Task to complete
Repeat exactly what runs from the line containing "В России обсуждается" through the last line of the material below. Do not copy the pictures.

Exercise data
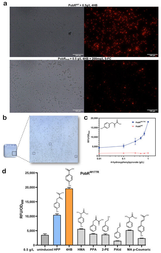 The optimal mutant PobRW177R was obtained after the dual screening. (a) The PobRWT E. coli under fluorescence microscope expressed strong fluorescence under 0.5 g/L 4HB, while the majority of the PobR-mutant E. coli showed no/weak fluorescence under the fluorescence microscope with 0.5 g/L 4HB and 200 mg/L 5-FC. (b) After two rounds of rescreening, the mutant was coated on a plate containing HPP and chloramphenicol, and some pink mono-clones were grown on the plate 12–24 h post culture. (c) Comparison of the ligand-response curves between PobRW177R and PobRWT. The vertical axis shows the ratio of mCherry (RFU) expression to E. coli growth (OD 600) measured 12 h post culture in M9 medium with different doses of HPP. (d) Fluorescence changes in PobRW177R in response treatments with different aromatic compounds (similar structure to HPP). The horizontal axis represents the ratio of mCherry (RFU) expression to E. coli growth (OD 600) measured 12 h post culture in M9 medium containing different ligands.
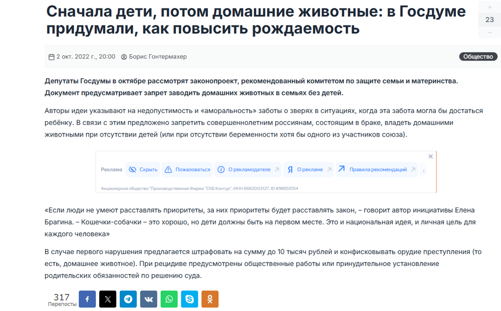 В России обсуждается инициатива по введению на федеральном уровне лимита на количество домашних животных в семье в зависимости от числа детей. С такой идеей выступил первый заместитель председателя Комиссии Общественной палаты РФ по демографии и защите семьи Павел Пожигайло.
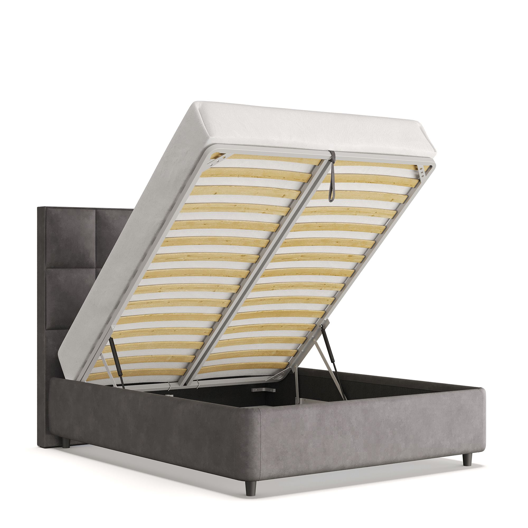 Вместительный короб внутри кровати подойдет для хранения подушек, белья и других вещей. В бельевом ящике нет перегородок – это позволяет использовать его, в том числе, для хранения длинных и крупногабаритных вещей.

Response
 В России обсуждается инициатива по введению на федеральном уровне лимита на количество домашних животных в семье в зависимости от числа детей. С такой идеей выступил первый заместитель председателя Комиссии Общественной палаты РФ по демографии и защите семьи Павел Пожигайло.
 Вместительный короб внутри кровати подойдет для хранения подушек, белья и других вещей. В бельевом ящике нет перегородок – это позволяет использовать его, в том числе, для хранения длинных и крупногабаритных вещей.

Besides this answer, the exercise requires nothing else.